ME: Why do I have to pay for something I'm suppose to be getting. I just had this dish installed in Feb and you had to have known then I was going to need a second dish 
ME: I pay for my locals and I pay for HD, now you want me to pay for a second time to get what I'm already paying to get! 
(03) Jack J: I understand your concern. However, only once the HD Locals are launched then we can assure you the orbital location. 
(03) Jack J: Please give me 2-3 minutes while I check what best we can do for you. 
ME: So the only way to get what I'm already paying for is to pay again, is that correct?? 
(03) Jack J: Please give me a moment. 
(03) Jack J: Thank you for your patience. 
ME: No problem 
(03) Jack J: However, as you are a wonderful customer of Dish Network, I will go ahead and waive off $59.95 charge. 
ME: Thanks, that would be great!!! 
(03) Jack J: Shall I go ahead and schedule the installation for the Dish upgrade now? 
ME: Yes, please! 
(03) Jack J: I see that the nearest available date is on 07/09/2008 between 12 PM to 5 PM. 
(03) Jack J: Shall I go ahead and schedule the installation on 07/09/2008 between 12 PM to 5 PM? 
ME: That should be fine 
(03) Jack J: Thank you for the confirmation. 
(03) Jack J: Someone 18 years or older will need to be present in order for the work to be performed. 
(03) Jack J: In order to ensure everything goes efficiently as possible, our technician may contact you to confirm your appointment prior to your scheduled date. (03) Jack J: I have scheduled the installation on 07/09/2008 between 12 PM to 5 PM. 
(03) Jack J: You are all set. Is there anything else I can assist you with? 
ME: No, thanks for you assistance! 
(03) Jack J: You're very welcome. 
(03) Jack J: It was a pleasure assisting you. 
(03) Jack J: Thank you for using Dish Network Live Chat. Have a great day. 
Your session has ended. You may now close this window.


----------



## falcon241073 (Jun 3, 2007)

Rduce said:


> Please wait while we find a representative to assist you...
> You have been connected to (03) Jack J.
> (03) Jack J: Thank you for choosing Dish Network the leader in HD and DVR. I will be happy to assist you today. Please give me 2-3 minutes to access your account and review the information you have already provided.
> (03) Jack J: Thank you for your patience.
> ...


Now that is soooooooooooooo unfair, lol.

I talked to a CSr and then a Tech and neither offered that. they both said I had no choice but pay. The tech offered to send me to the retension dept to keep me from dropping Dish. I NEVER gave that threat. I told him no I would look later. I may copy your text and read it to them (your part, lol) and see if they follow your CSRs part.


----------



## Ressurrector (Jan 1, 2008)

fatmikla22 said:


> I've noticed more and more that when HD locals are turned on for a city they are on 61.5. Now my city is supposedly going HD later this year. When it does will it be on 61.5? I currently have 129, would the HD locals come on the 129 as well? Would I have to get a new dish. I thought I'd heard once that everything on 61.5 was mirrored on 129. That could be a lie though. Please let me know. Thanks.

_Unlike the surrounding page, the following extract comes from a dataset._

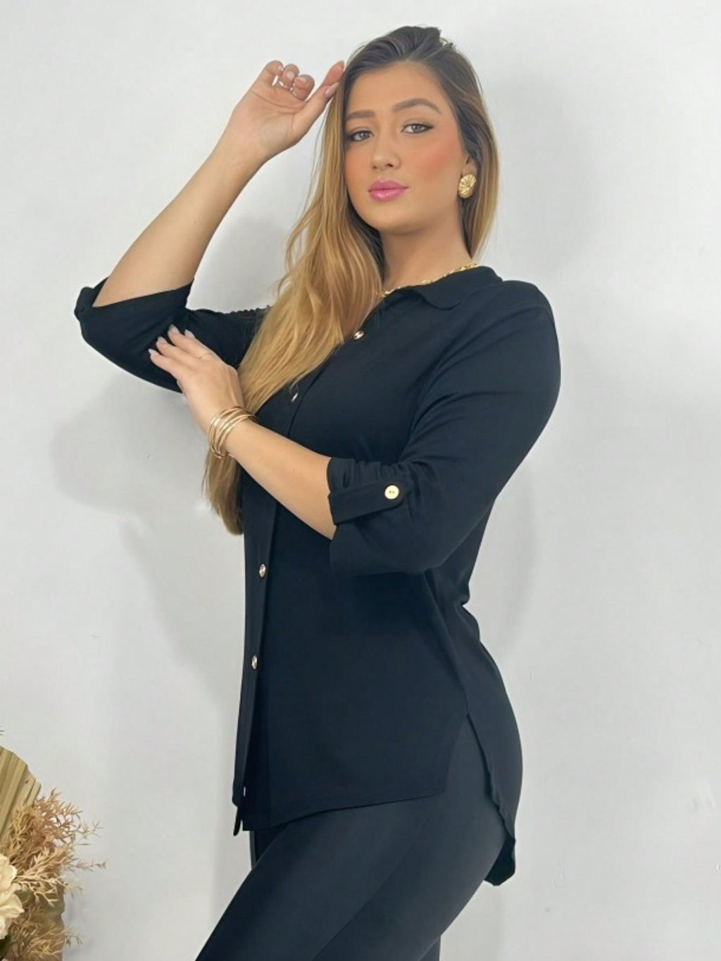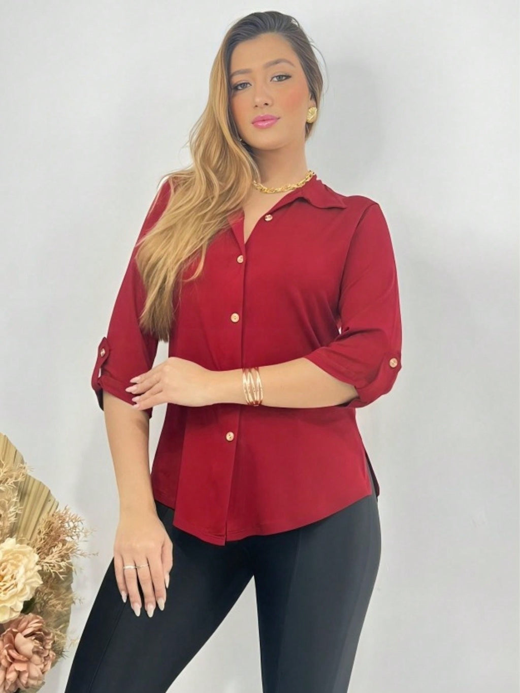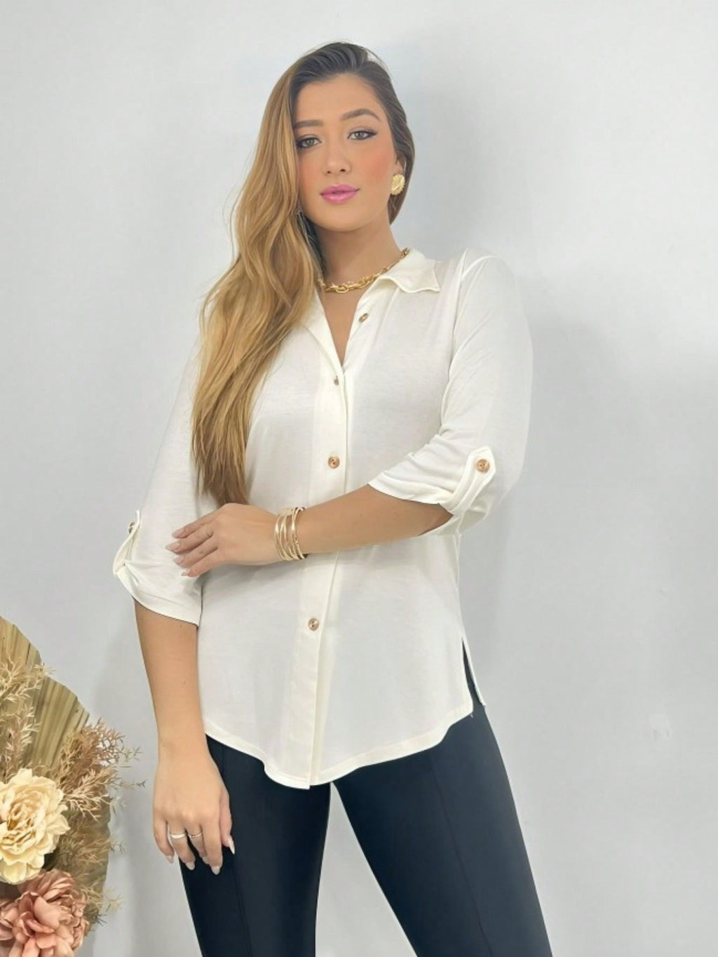 A gola colarinho proporciona um visual refinado, enquanto os detalhes na manga, como pregas ou rendas sutis, acrescentam charme e sofisticação. Fabricada em tecido leve e respirável, é ideal para diversas ocasiões, do escritório a eventos sociais.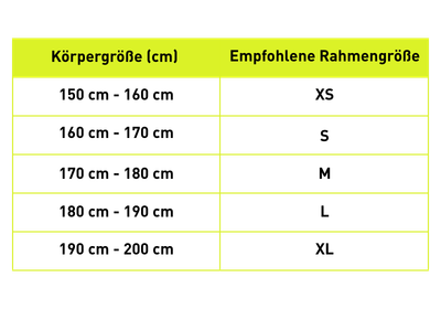 Unsere Tabelle gibt dir eine erste, unverbindliche Einschätzung, welche Rahmengröße für dich passen könnte – basierend auf deiner Körpergröße. Sie soll dir helfen, ein Gefühl dafür zu bekommen, ob du eher zu XS oder XL tendierst.

I dunno but mine was 61 (chattanooga)

And now the GREAT news!

They get to "renew" your 2 year contract when they give you a dish for 61.5 regardless of where you were before the contract starts over............. interesting I ain't really heard that mentioned before here

While thats not the end of the world I guess it IS kinda a cheapshot


----------



## HobbyTalk (Jul 14, 2007)

Hummmm, got my wing dish installed for free with no commitment about 2 months ago. HD locals went live about 2 weeks ago.


----------



## BNUMM (Dec 24, 2006)

HobbyTalk said:


> Hummmm, got my wing dish installed for free with no commitment about 2 months ago. HD locals went live about 2 weeks ago.


Who did the install? All of the installs that I have done required a 2 year commitment.


----------



## HobbyTalk (Jul 14, 2007)

A Dish contractor did the install. Guess they figured it was better to give a free install then lose a customer.


----------